2010
09.23

I just read a story about how Oracle consolidated their internal systems management   They decided to invest in a legacy-style solution based on SNMP and ping.  One of the things I noticed was that Oracle wanted to do lots of customization, be able to get access to the underneath data so they could manipulate it, integrate it, etc.

This is how not to do monitoring in a modern IT infrastructure.

In 1st year of college, we were taught about different ways you could buy software:

  1. Write it yourself: Takes lots of time/skills and has hidden longterm costs.
  2. Buy or download something cheap off the shelf that does 80% of what you need.  You spend a very long time trying to get the other 20%.  It ends up not working quite right and it costs you a fortune, especially when it fails and you have to replace it – of course, the more common approach is to live with the failure and pitch a story that it is fantastic.  I call this the “I’m in government” approach.
  3. Spend a little bit more money up front, buy a solution that does what you need, is easily customizable, and will work.

In Ireland, approach number 2 is the most commonly taken road.  Ping/SNMP cheapware is what most organizations waste their money and time on.  A server responding to ping does not make it healthy.  A green icon for a server that is monitored by a few SNMP rules that took you an age to assemble does not make it healthy.

Instead what is needed is a monitoring solution that has indepth expertise in the network … all of it … from the hardware, up through to the applications, has ana additional client perspective, and can assemble all of that into the (ITIL) service point of view.  Such a solution may cost a little buit more but:

  • It works out of the box, requiring just minor (non-engineering) changes along the way.
  • The monitoring expertise is usually provided by the orginal vendor or an expert third party.
  • The solution will be cheaper in the long term.
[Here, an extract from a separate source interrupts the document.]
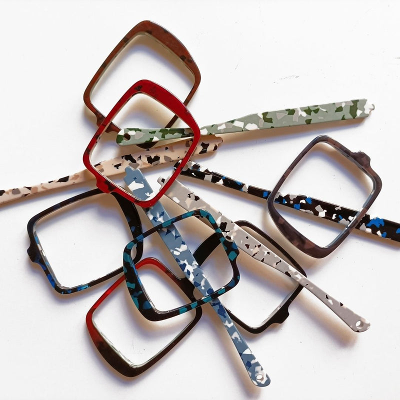 Una vez que la idea y el diseño están definidos, el siguiente paso es enviarlo a nuestra fábrica, donde cortan y tallan una a una las planchas de acetato de acuerdo al diseño.

No guesses required to tell which solution I recommend, based on experience.  I’ve tried the rest: I was certified in CA’s Unicenter (patch-tastic!), I got a brief intro to BMC Patrol, I’ve seen teams of Tivoli consultants fail to accomplish anything after 6 months of efforts, and I’ve seen plenty of non-functional cheapware along the way.  One solution always worked, out of the box, and gave me results within a few hours of effort.  System Center Operations Manager just works.  There’s lots of sceptics and haters but, in my experience,  they usually have an agenda, e.g. they were responsible for buying the incumbant solution that isn’t quite working.  There is also the cousin of OpsMgr, SCE 2010, for the SME’s.